Тем самым, через шапку-боярку, я приобщен к делам этих московских близнецов. Чувствую в какую-то минуту себя третьим близнецом — волей случая.
В письме брат написал:
«У нас многие идут этапом на Воркуту, и человек двести ждут сюда. Так что с кем-нибудь увидимся...»
Имеет в виду общих знакомых, в его словах слышна московская окраина — я ее узнаю́.

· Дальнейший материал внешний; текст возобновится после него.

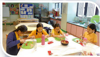
無火煮食(Yum Yum Tuna小點)
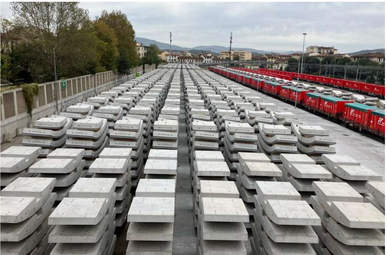
Figura 6 – Stoccaggio Conci (Campo di Marte)

...Когда Толик хотел есть, а есть было нечего, он, придя из школы, пил подсоленную воду.
Отец, ослепший и парализованный после фронта, сколько мог, сопротивлялся смерти. Он лежал под простыней, смотрел открытыми безжизненными глазами перед собой, он уже не мог говорить, его лицо было немым и спокойным; но Толик боялся его спокойствия и немоты.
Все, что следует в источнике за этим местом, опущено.